Is any of this sounding familiar? 13 Going on 30 has a lot of elements that have been done to death. There are plenty of scenes in which Jenna tries to figure out things that a 13-year old girl wouldn’t know about, or reacts to adult things in an immature way, or behaves inappropriately during important functions. Admittedly, some of the variations the movie comes up with are pretty amusing, including a very funny scene in which Jenna leads a crowd in doing Michael Jackson’s “Thriller” dance at a work-related party. I also liked a scene in which Jenna’s best friend Lucy (Judy Greer) goads her into trying to pick up a cute guy in a restaurant; a naïve Jenna ends up flirting with a very-willing teenage boy. For every scenario that works, though, I’d say there’s one that falls flat. The picture goes back and forth between seeming clever and seeming really predictable. By the third or fourth time that she becomes appalled at the prospect of seeing a naked man, for instance, the joke just starts to seem juvenile. There’s also a running joke in which Jenna’s childish business ideas repeatedly impress her boss (Andy Sirkis, who played Gollum in The Lord of the Rings) that seems especially labored.

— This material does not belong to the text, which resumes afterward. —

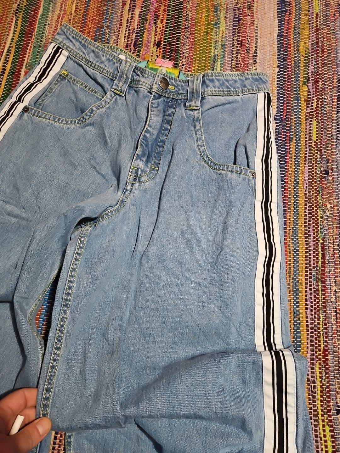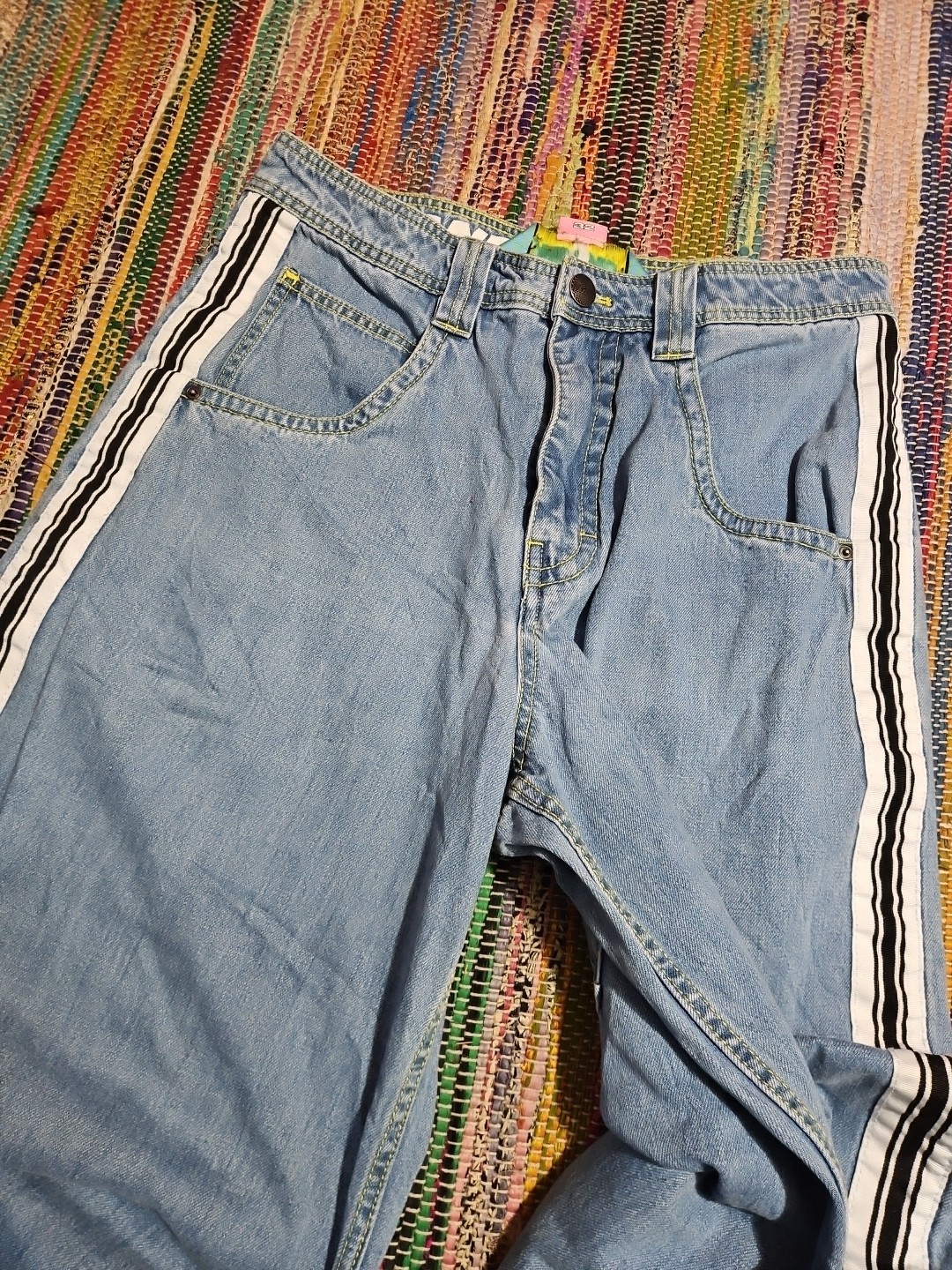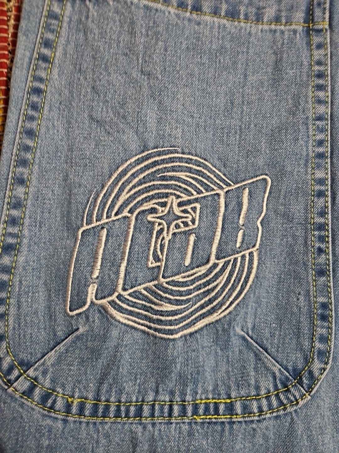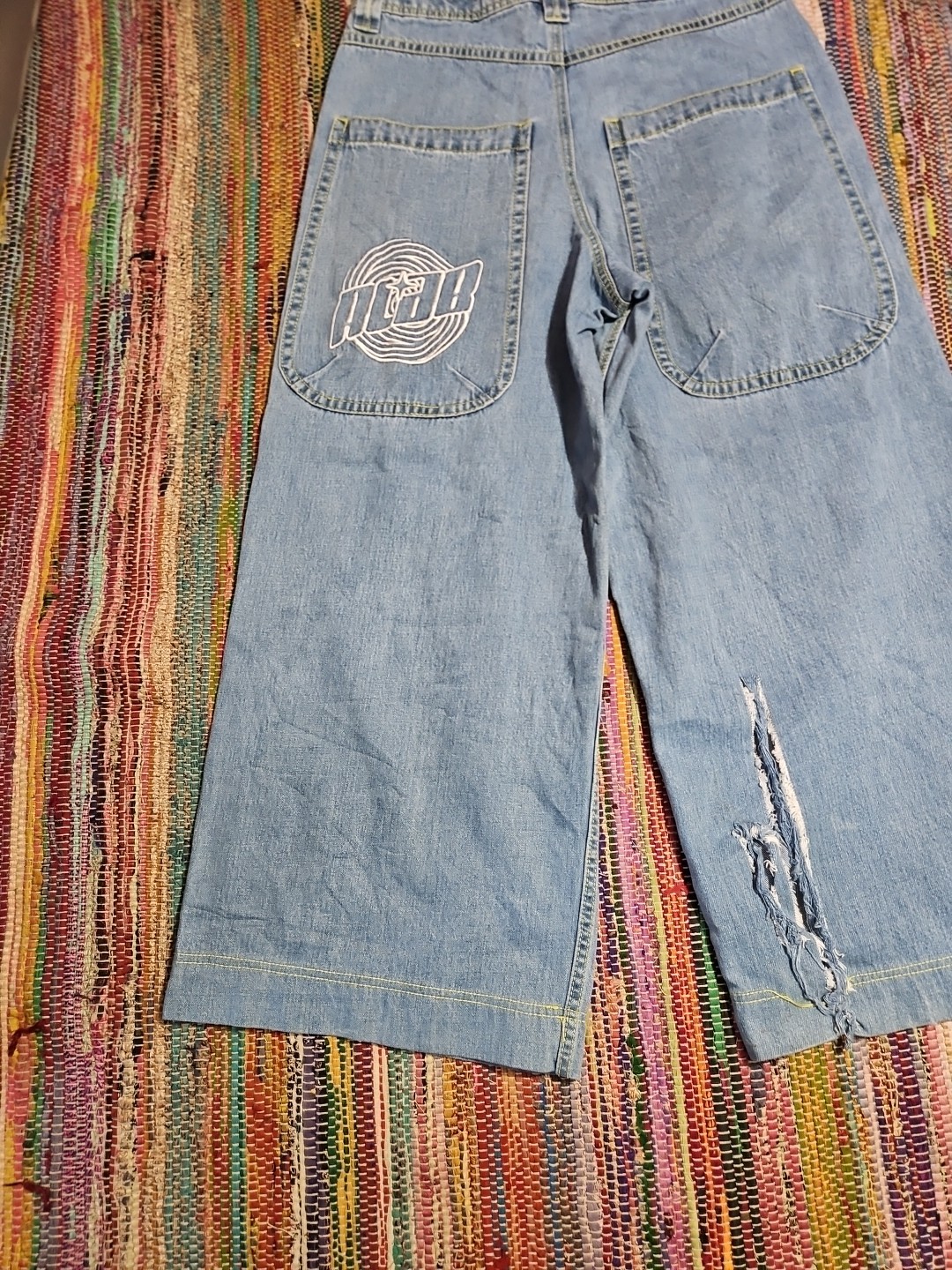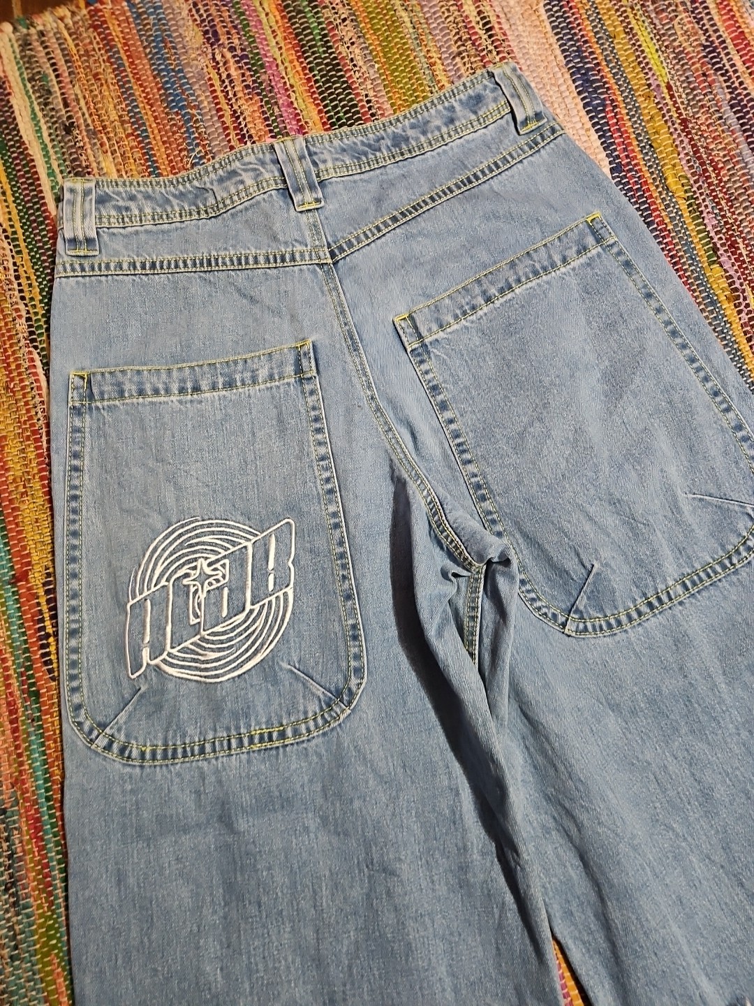 как выглядит Flawed Alab Wide Leg Baggy Jeans Embroidered Mega Rave Skate JNCO Style 32 32x27 фото

Of course there is always a moral in these pictures, and the moral is usually the same. By the time the story is over, Jenna has learned not to take her youth for granted. She realizes also that it’s important for adults to never let go of their youthful side because…well, what am I telling you this for? If you’ve seen any of the other body-switching movies you already know what the moral is.

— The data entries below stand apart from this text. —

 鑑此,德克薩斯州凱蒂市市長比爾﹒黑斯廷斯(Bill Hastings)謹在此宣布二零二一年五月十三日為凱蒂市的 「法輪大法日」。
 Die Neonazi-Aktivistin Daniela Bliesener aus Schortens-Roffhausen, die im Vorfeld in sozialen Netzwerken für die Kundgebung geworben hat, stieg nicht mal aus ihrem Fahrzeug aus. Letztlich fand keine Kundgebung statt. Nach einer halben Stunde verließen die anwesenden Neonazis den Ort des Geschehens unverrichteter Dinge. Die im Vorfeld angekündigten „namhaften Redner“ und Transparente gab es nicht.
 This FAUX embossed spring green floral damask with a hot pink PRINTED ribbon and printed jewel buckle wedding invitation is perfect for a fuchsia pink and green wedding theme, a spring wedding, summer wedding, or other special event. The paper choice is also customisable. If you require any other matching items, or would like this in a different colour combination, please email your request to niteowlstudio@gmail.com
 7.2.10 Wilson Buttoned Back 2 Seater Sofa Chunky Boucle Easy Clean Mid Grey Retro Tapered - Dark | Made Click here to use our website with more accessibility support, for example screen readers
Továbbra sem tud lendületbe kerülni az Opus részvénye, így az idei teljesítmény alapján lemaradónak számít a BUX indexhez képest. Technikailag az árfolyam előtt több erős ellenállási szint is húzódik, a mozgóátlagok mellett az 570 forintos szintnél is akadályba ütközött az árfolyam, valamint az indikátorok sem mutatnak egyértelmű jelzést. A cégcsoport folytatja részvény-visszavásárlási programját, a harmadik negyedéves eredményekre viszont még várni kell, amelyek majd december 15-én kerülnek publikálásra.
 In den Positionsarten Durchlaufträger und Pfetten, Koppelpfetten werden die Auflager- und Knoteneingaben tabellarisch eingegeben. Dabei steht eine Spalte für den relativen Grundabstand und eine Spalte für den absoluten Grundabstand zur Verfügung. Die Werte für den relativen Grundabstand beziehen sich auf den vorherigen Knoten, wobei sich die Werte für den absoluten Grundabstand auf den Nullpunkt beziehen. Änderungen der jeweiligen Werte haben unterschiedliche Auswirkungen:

Despite a lot (and I mean a lot) of predictability – including the resolution of Matt’s engagement to the other woman - 13 Going on 30 has a few things that mitigate the damage, making this is a watchable movie if not quite a recommendable one. One thing it has is good performances. Jennifer Garner seems poised to become one of America’s new sweethearts, just as Reese Witherspoon was a few years ago with Sweet Home Alabama. Garner has an energy and a vitality that really bounce off a movie screen. Although she never captures the inner child goofiness that Tom Hanks mastered in Big, she does exude presence. It’s a quality you can’t fake. She’s well paired with the always reliable Mark Ruffalo, who brings the slightest trace of an edge to what could have been a stereotypical broken-hearted nerd role.

The other interesting thing the movie does is to make Jenna unlikable. When young Jenna inhabits her adult body, she discovers that her grownup self has done some pretty despicable things. She is appalled by her own duplicitous, dishonest nature. Naturally, these flaws are fixed with an injection of adolescent innocence. It’s something you can see coming a mile away, but at least the story doesn’t exactly sanctify the character.

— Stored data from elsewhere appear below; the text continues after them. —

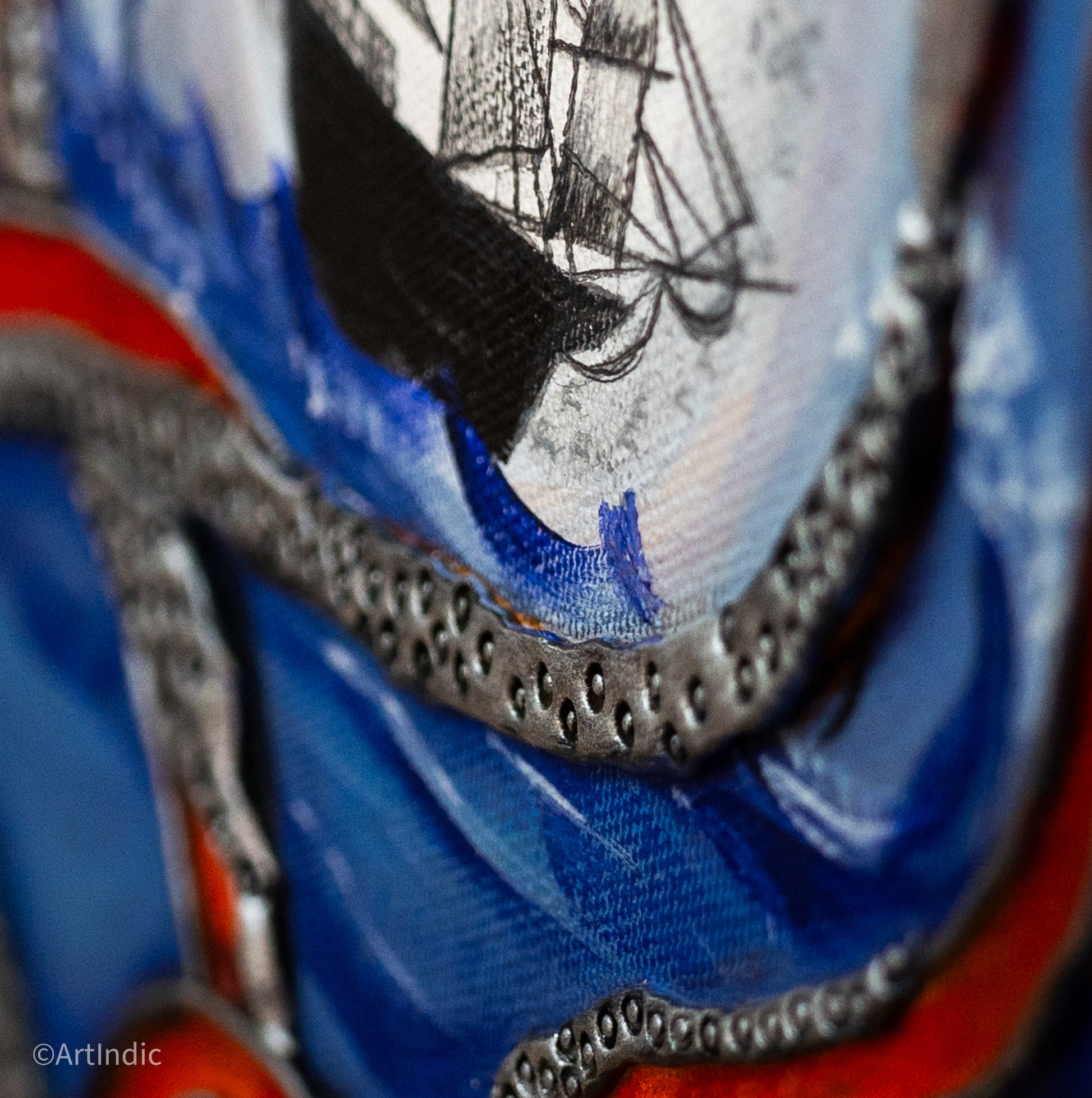 As the ship sailed on, undulating shadows broke the starry reflection. Massive tentacles rose, lightly caressing the ship's wooden frame, casting dark silhouettes against the moonlit sea.
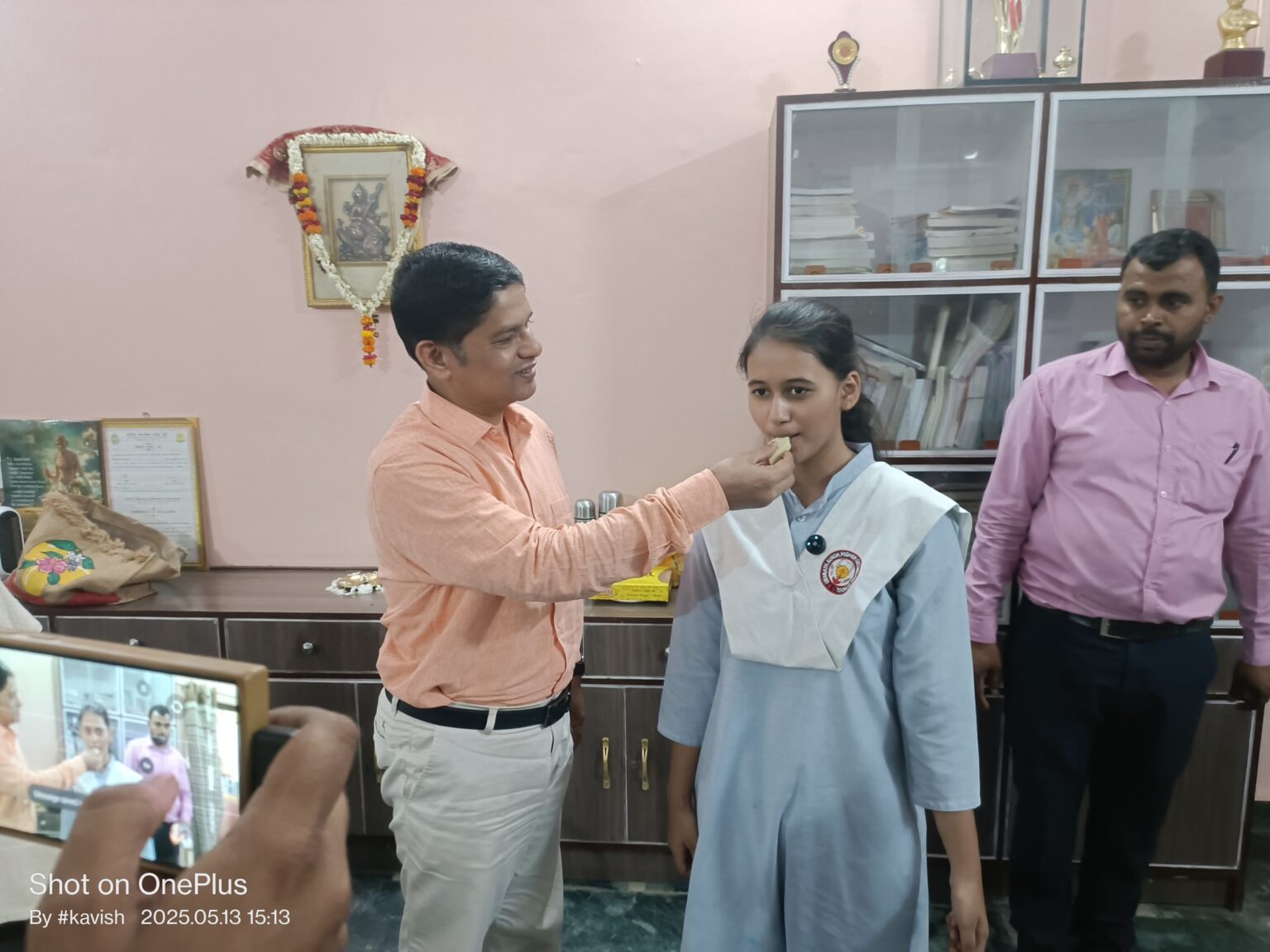 बड़ी बेटी तेजस्वी सिंह इंटर की तथा पुत्र सिद्धांत सिंह हाइस्कूल में था। तेजस्वी सिंह के परिणाम की खबर सुनते ही परिवार में खुशी व्याप्त हो गयी। सभी ने तेजस्वी को मिठाई खिलाकर बधाई व शुभकामनाएं दिया। स्कूल की तरफ से तेजस्वी को प्रधानचार्य डॉ. ब्रूनो डी नाजरेथ,उप प्रधानचार्य कृष्णा यादव आदि ने मिठाई खिलाकर शुभकामनाएं दिया। प्रबन्धक शिवेंद्र प्रताप सिंह ने तेजस्वी सिंह के इस सफलता पर बधाई देते हुए उज्ज्वल भविष्य की कामना किया।
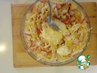 Добавляем ко всем ингредиентам майонез и перемешиваем. |

I like those parts of the film, but they don’t compensate for the fact that 13 Going on 30 follows the body switching formula a little too closely. When a formula is done with freshness, your mind glosses over the fact that it is, in fact, a formula. In this case, I felt like I could see the wheels turning all the time. There was an almost constant feeling of having been there and done that. This is a harmless movie with some laughs and smiles, and I found it diverting to sit through. But this plot has been done much better before, so why settle for a merely adequate version of it?

( 1/2 out of four)


13 Going on 30 is rated PG-13 for some sexual content and brief drug references. The running time is 1 hour and 37 minutes.